La commune de Marcillac-Lanville est située au cœur de trois vallées où l’activité agricole domine. Elle fut très largement dominée par la viticulture jusqu’à la crise du phylloxéra puis par la polyculture. Ces activités viticoles ont marqué les paysages et le bâti.

Une architecture d’une grande diversité ainsi qu’un habitat rural aux typologies variées en résulte. Ce patrimoine bâti rural, bien commun et socle d’une identité partagée, doit être préservé. Il est souvent restauré mais sa conservation demeure fragile.

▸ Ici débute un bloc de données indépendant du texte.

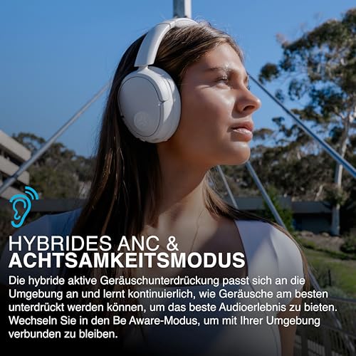 SMART ANC BLUETOOTH KOPFHÖRER: Die intelligente, aktive Geräuschunterdrückung passt sich an die Umgebung an und lernt ständig, wie sie Geräusche am besten unterdrückt, um das beste Klangerlebnis zu bieten. Aktivieren Sie die ANC Funktion, um Geräusche von bis zu 25 dB zu unterdrücken, oder wechseln Sie in den Be Aware-Modus, um mit Ihrer Umgebung verbunden zu bleiben

Beaucoup de constructions du XVIIIe et XIXe siècle, dans le bourg et les hameaux, sont identifiables grâce aux dates inscrites sur les portails ou les linteaux en pierre des ouvertures. Le patrimoine vernaculaire reflet de l’activité des hommes est riche. Un grand nombre de pigeonniers recensés sur la commune, donne à Marcillac-Lanville, une originalité.

L’histoire de Marcillac-Lanville à l’époque médiévale est très riche. La motte castrale dont l’histoire reste méconnue marque profondément le paysage du bourg. Seul un ambitieux programme de fouilles archéologiques pourrait permettre de mieux comprendre son organisation et l’ampleur de son emprise sur le bourg.

Quelques éléments épars sont encore visibles dans certaines maisons de la commune, comme des demi- croisées et des ouvertures surmontées d’un linteau à accolade, caractéristiques des XVe- XVIe siècles. Le prieuré Notre-Dame de Lanville est un site majeur du Rouillacais. Si son histoire de l’époque médiévale reste méconnue, son histoire à l’époque moderne est bien documentée. L’église prieurale reste un des plus grands monuments romans de l’Angoumois qu’il faut préserver et faire vivre.